December 4, 2014 · 266 Views
For the tenth time this year the German pilots’ union, Vereinigung Cockpit (VC), representing about 5,400 Lufthansa pilots, called another nationwide strike. This one took effect from 03:00 local time on Thursday, ending at 23:59. As a consequence Lufthansa were forced to cancel 37 long-haul and half a dozen cargo flights. In fact, the announcement of this strike came as pilots were currently in the midst of a strike that was scheduled to wind down by the end of Tuesday. That disruption forced Lufthansa to cancel half of its schedule for Monday and Tuesday, grounding 1,350 flights — nearly half its schedule — and disrupting the plans of about 150,000 passengers.
As with previous strikes this year, the problem relates to early retirement packages for pilots. Currently pilots can retire at 55 and still receive up to 60% of their wages up until the age of 65 when their full pension rights kick in.

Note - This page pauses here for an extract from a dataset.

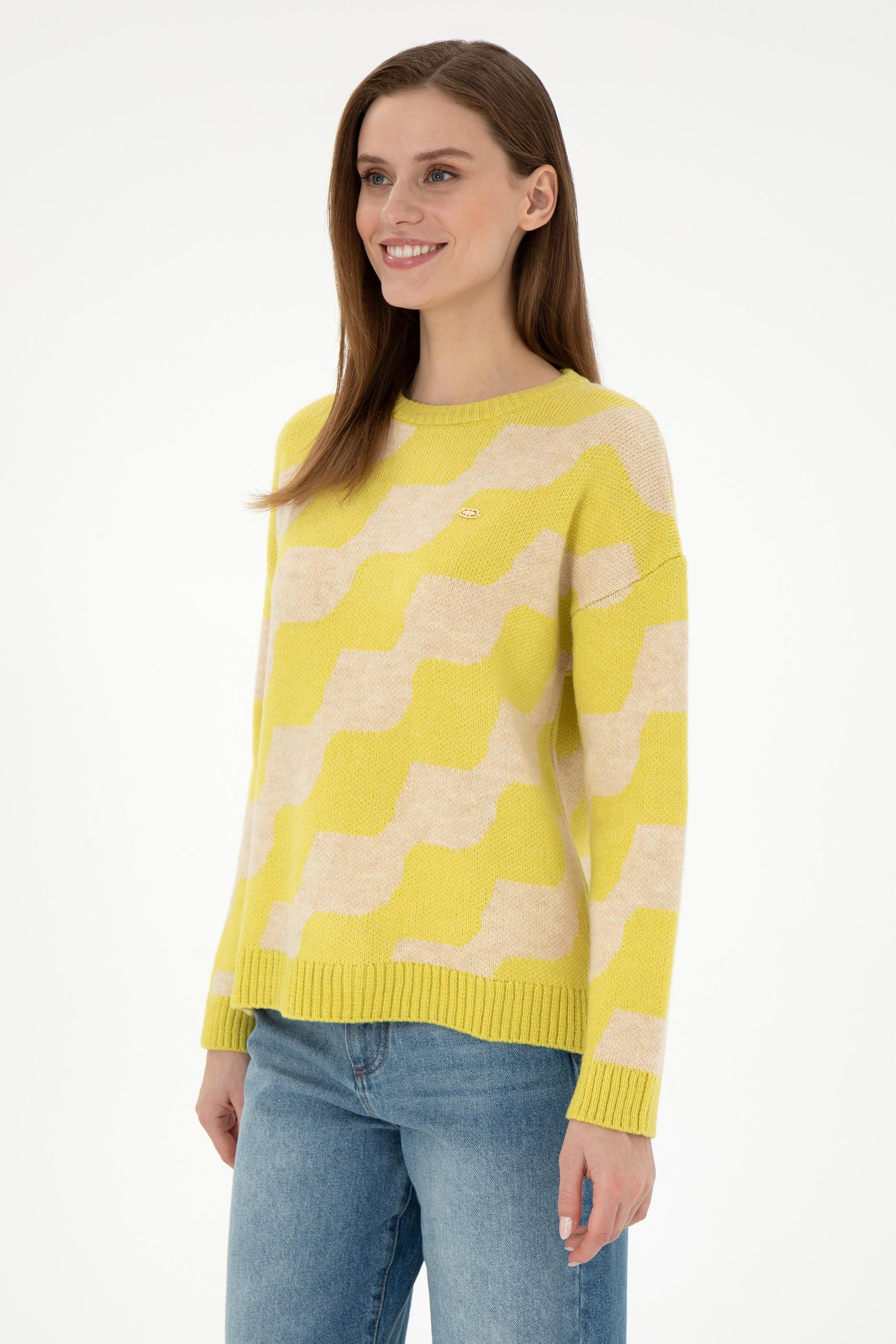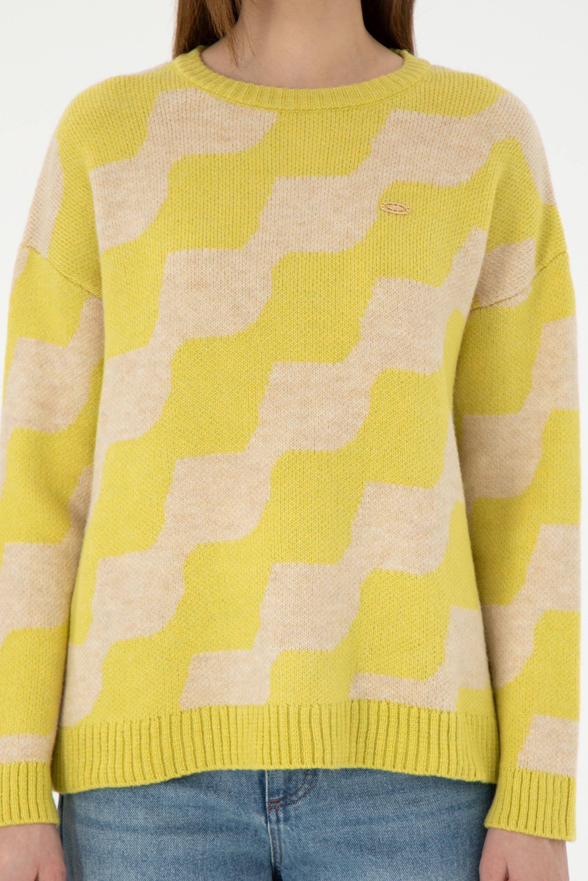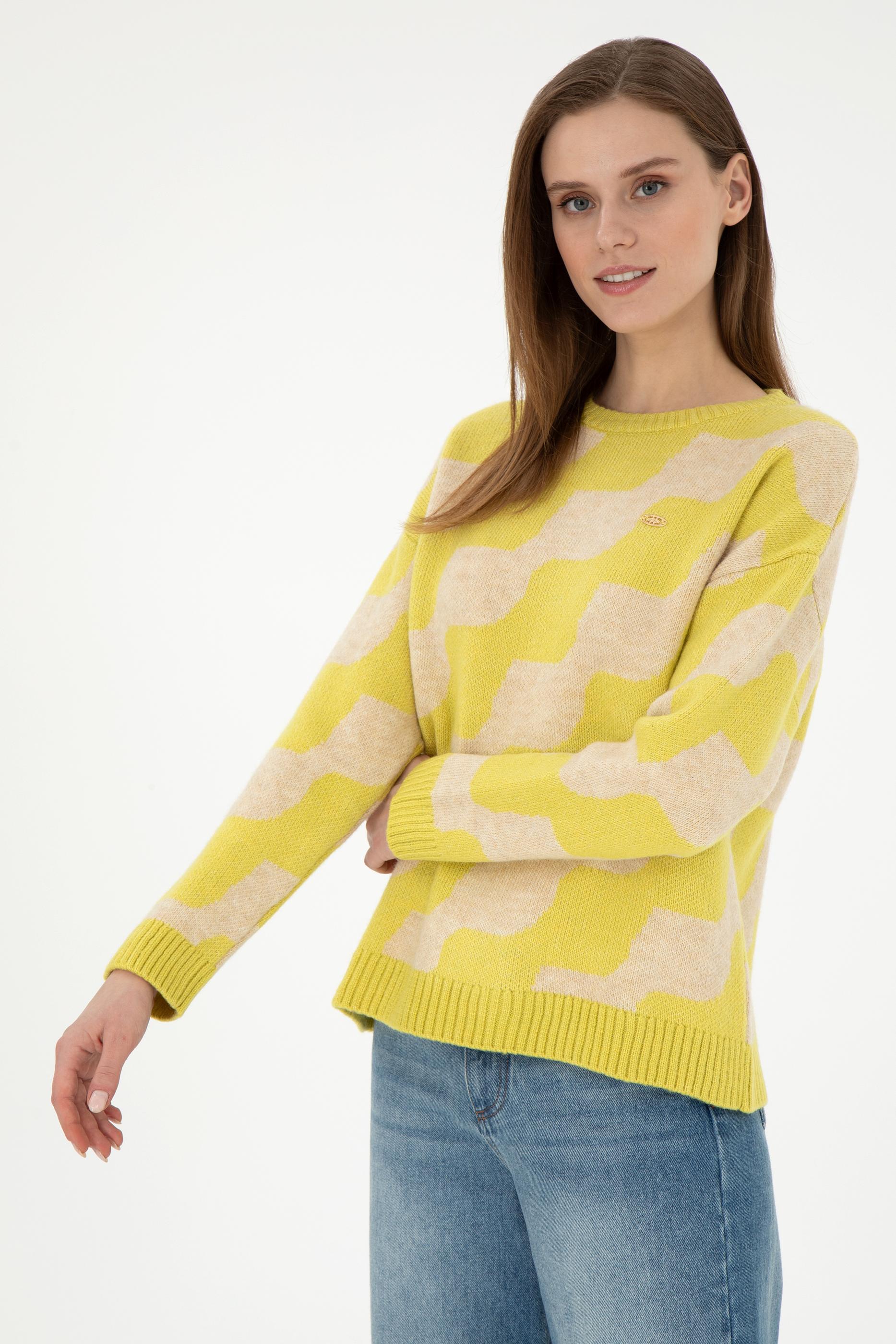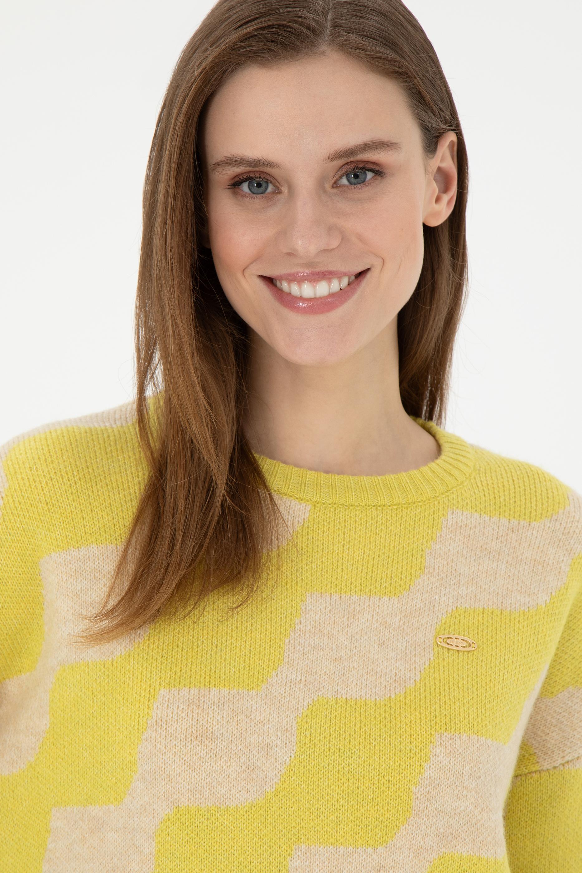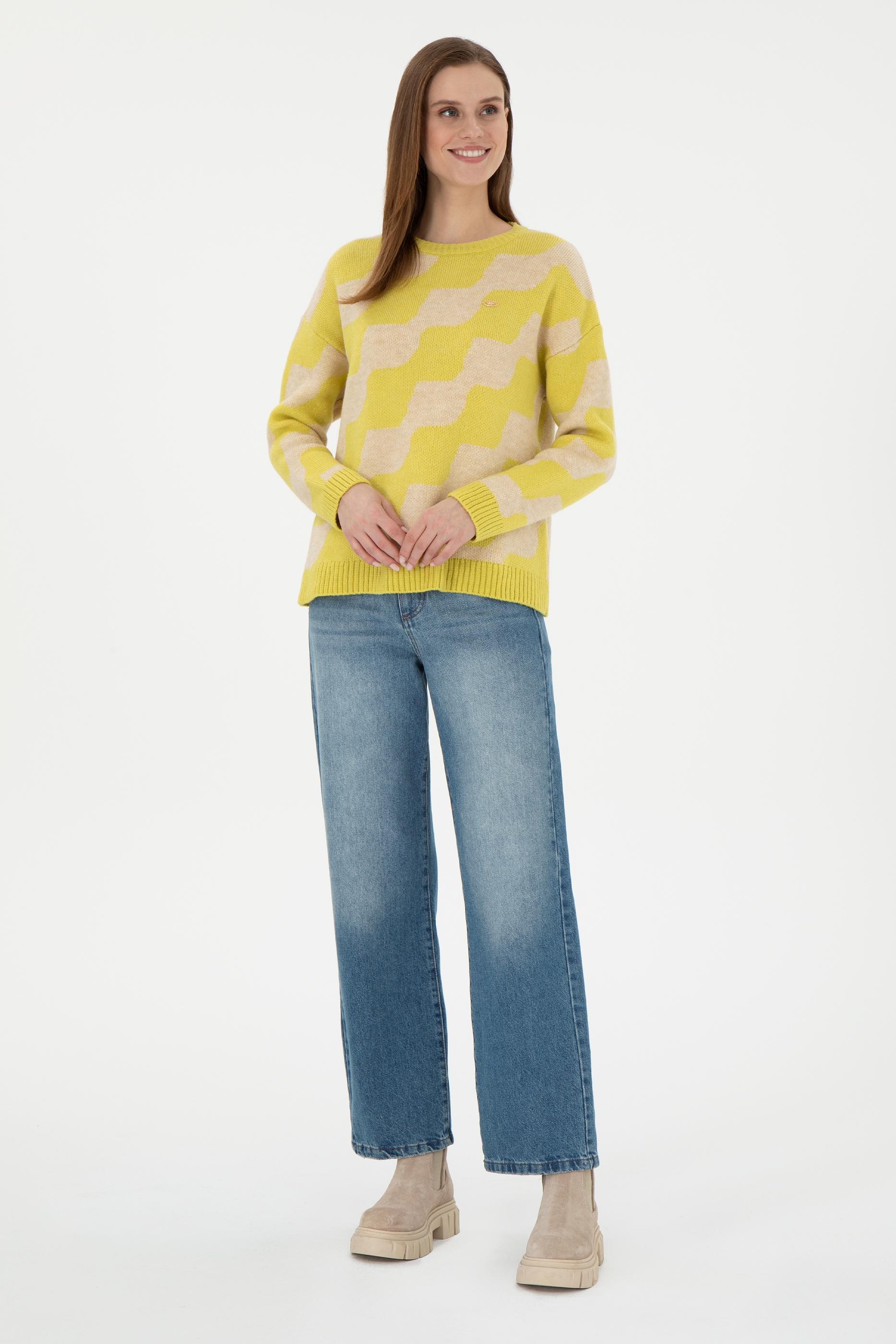 Kadın Fıstık Yeşili Bisiklet Yaka Kazak

German news network Deutsche Welle says Lufthansa “does not want new hires to fall under the plan (and) wishes to increase the early retirement age to 61.” VC want this existing rule to apply to all new pilots rather than solely existing ones, but the airline claims they are unable to support such costs in face of competition from both low-cost airlines such as EasyJet and Ryanair, as well as Gulf airlines including Emirates, Etihad and Qatar. This is backed up by the fact that after an announcement was made in mid-July, on Wednesday this week the board at Lufthansa agreed to launch a new low-cost, long-distance airline under a separate name.
Usually strikes usually receive full support from the German public, but this time the pilots have come in for some severe criticism. According to Ernst Elitz of the German daily newspaper Bild, “In their cockpits, the pilots are in cloud cuckoo land… For Lufthansa it’s about surviving merciless competition. But the captains care only about their fat pensions and the dream of the good old days when there weren’t any budget carriers.”